→ **Data below**:
= Beginning of Section =

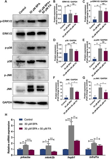 FA supplementation affects the expression of proteins and genes in the MAPK signaling pathway in the presence of BPA. (A) Western blot analysis was performed to detect the expression of MAPK signaling pathway activation-related proteins in 5 dpf zebrafish larvae following exposure to BPA and supplementation with FA. The results of statistical analysis are shown in (B-G). Additionally, mRNA expression of relevant genes in the MAPK signaling pathway was verified using qRT-PCR in (H). The data is shown as mean ± standard error of three replicates (n = 50), with significance levels denoted as *P<0.05, **P<0.01, ***P<0.001, and ***P<0.0001. |
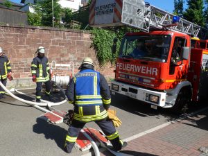 Löschfahrzeuge, Drehleiter die mit Martinshorn anfahren und Einsatzkräfte die Schläuche in der Weinheimer Straße ausrollen, sorgten für Aufmerksamkeit am Samstagmittag. Ziel war die ehemalige Speisegaststätte mit Hotelbetrieb Schmittberger Hof. Schnell aber routiniert bauten die Mannschaften der Fahrzeuge einen Löschangriff auf, während der Einsatzleiter zur weiteren Erkundung der Lage vorging. Es stellte sich heraus das aus dem zweiten Obergeschoss des Gebäudes Rauch aufstieg und ein Bauarbeiter vermisst gemeldet wurde. Zwei Angriffstrupps unter Atemschutz wurden sofort mit einer Leitung zur Menschenrettung in das Gebäude geschickt. Da das Feuer auf den Dachstuhl überzugreifen drohte, wird die die Drehleiter der Abteilung Stadt nachalarmiert. Nach kurzer Zeit konnte der vermisste Handwerker gerettet und einige Minuten später Feuer unter Kontrolle gemeldet werden. Zum Glück entstammte dieses Szenario nur einer Einsatzübung der Abteilung Lützelsachsen-Hohensachsen. Die Übung war jedoch so realistisch gestaltet, dass Sie für umstehende Passanten täuschend echt wirkte. Dieses Szenario wurde durch die GBW Bauträgergesellschaft mbH aus Heddesheim ermöglicht. Das Unternehmen hatte der Abteilung Lützelsachsen Hohensachsen das Abrissgebäude zur Verfügung gestellt. Da in solchen Gebäuden keine Schäden mehr verursacht werden sind diese für die Feuerwehren oft sehr wertvoll Objekte um absolut realistische Einsatzszenarien zu simulieren und zu üben. Die Übung war der Abschluss eines Übungsblocks mit dem Schwerpunkt Brandbekämpfung in dem die Abteilung Lützelsachsen-Hohensachsen ihre Einsatzbereitschaft eindrucksvoll unter Beweis stellen konnte. Auch die eingesetzte Drehleiter der Abteilung Stadt konnte nahtlos in die Übung eingebunden werden und beweist, wie auch die Einsätze in den letzten Tagen, dass die Abteilungen der Feuerwehr Weinheim Hand in Hand zusammenarbeiten. Dem stimmte auch Herr Kunkel von der GBW Bauträgergesellschaft mbH Heddesheim zu und bedankte sich bei Carsten Dübler und Markus Kratzer, die die Übung ausgearbeitet hatten, sowie dem gesamten Team für den interessanten Nachmittag am Schmittberger Hof.
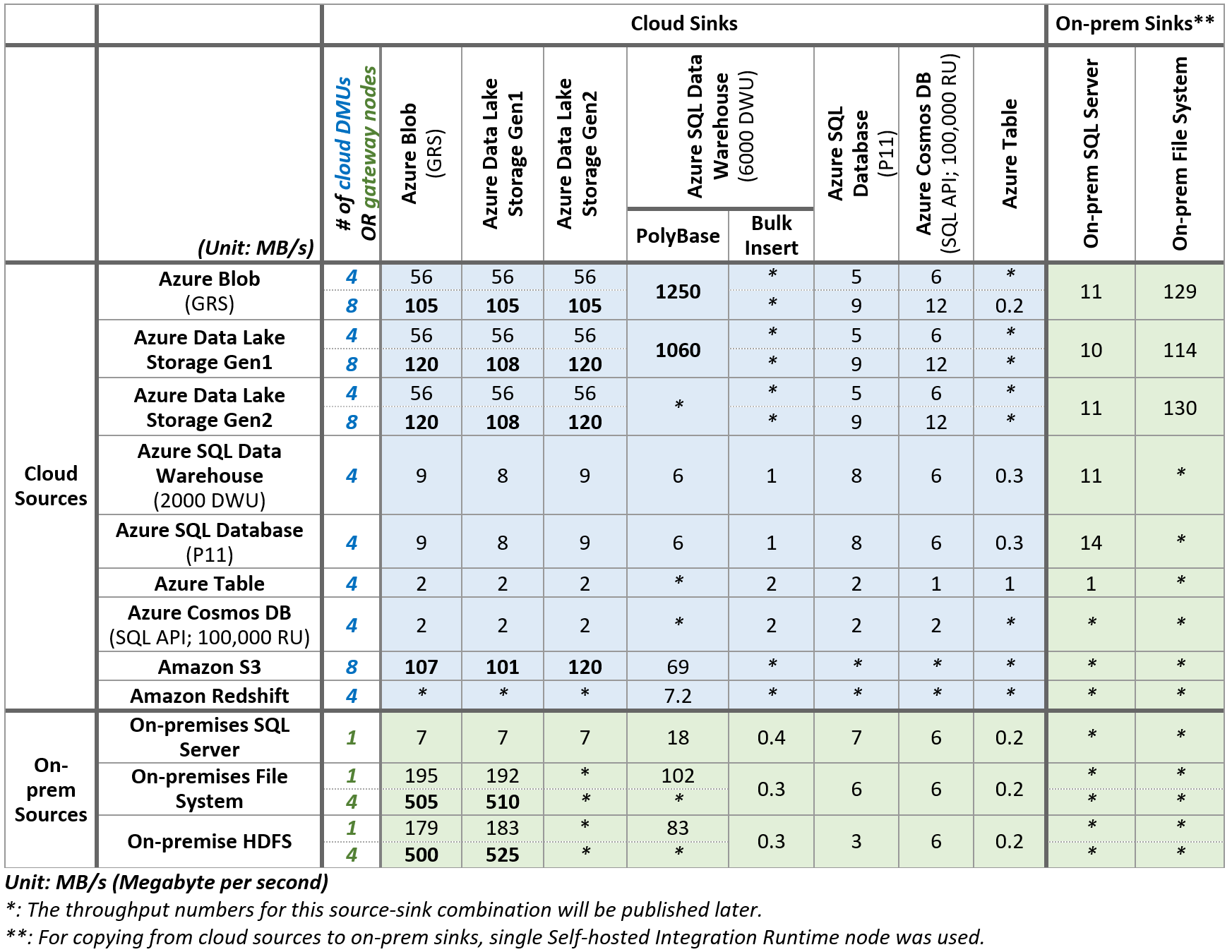 该表显示了基于内部测试运行的单个副本活动中给定源和接收器对的MBps副本吞吐量数字。

= End of Section =

→ **What you are asked to do**: Quote the data above in full, leaving out the pictures it holds.

→ **Final answer**:
 FA supplementation affects the expression of proteins and genes in the MAPK signaling pathway in the presence of BPA. (A) Western blot analysis was performed to detect the expression of MAPK signaling pathway activation-related proteins in 5 dpf zebrafish larvae following exposure to BPA and supplementation with FA. The results of statistical analysis are shown in (B-G). Additionally, mRNA expression of relevant genes in the MAPK signaling pathway was verified using qRT-PCR in (H). The data is shown as mean ± standard error of three replicates (n = 50), with significance levels denoted as *P<0.05, **P<0.01, ***P<0.001, and ***P<0.0001. |
 Löschfahrzeuge, Drehleiter die mit Martinshorn anfahren und Einsatzkräfte die Schläuche in der Weinheimer Straße ausrollen, sorgten für Aufmerksamkeit am Samstagmittag. Ziel war die ehemalige Speisegaststätte mit Hotelbetrieb Schmittberger Hof. Schnell aber routiniert bauten die Mannschaften der Fahrzeuge einen Löschangriff auf, während der Einsatzleiter zur weiteren Erkundung der Lage vorging. Es stellte sich heraus das aus dem zweiten Obergeschoss des Gebäudes Rauch aufstieg und ein Bauarbeiter vermisst gemeldet wurde. Zwei Angriffstrupps unter Atemschutz wurden sofort mit einer Leitung zur Menschenrettung in das Gebäude geschickt. Da das Feuer auf den Dachstuhl überzugreifen drohte, wird die die Drehleiter der Abteilung Stadt nachalarmiert. Nach kurzer Zeit konnte der vermisste Handwerker gerettet und einige Minuten später Feuer unter Kontrolle gemeldet werden. Zum Glück entstammte dieses Szenario nur einer Einsatzübung der Abteilung Lützelsachsen-Hohensachsen. Die Übung war jedoch so realistisch gestaltet, dass Sie für umstehende Passanten täuschend echt wirkte. Dieses Szenario wurde durch die GBW Bauträgergesellschaft mbH aus Heddesheim ermöglicht. Das Unternehmen hatte der Abteilung Lützelsachsen Hohensachsen das Abrissgebäude zur Verfügung gestellt. Da in solchen Gebäuden keine Schäden mehr verursacht werden sind diese für die Feuerwehren oft sehr wertvoll Objekte um absolut realistische Einsatzszenarien zu simulieren und zu üben. Die Übung war der Abschluss eines Übungsblocks mit dem Schwerpunkt Brandbekämpfung in dem die Abteilung Lützelsachsen-Hohensachsen ihre Einsatzbereitschaft eindrucksvoll unter Beweis stellen konnte. Auch die eingesetzte Drehleiter der Abteilung Stadt konnte nahtlos in die Übung eingebunden werden und beweist, wie auch die Einsätze in den letzten Tagen, dass die Abteilungen der Feuerwehr Weinheim Hand in Hand zusammenarbeiten. Dem stimmte auch Herr Kunkel von der GBW Bauträgergesellschaft mbH Heddesheim zu und bedankte sich bei Carsten Dübler und Markus Kratzer, die die Übung ausgearbeitet hatten, sowie dem gesamten Team für den interessanten Nachmittag am Schmittberger Hof.
 该表显示了基于内部测试运行的单个副本活动中给定源和接收器对的MBps副本吞吐量数字。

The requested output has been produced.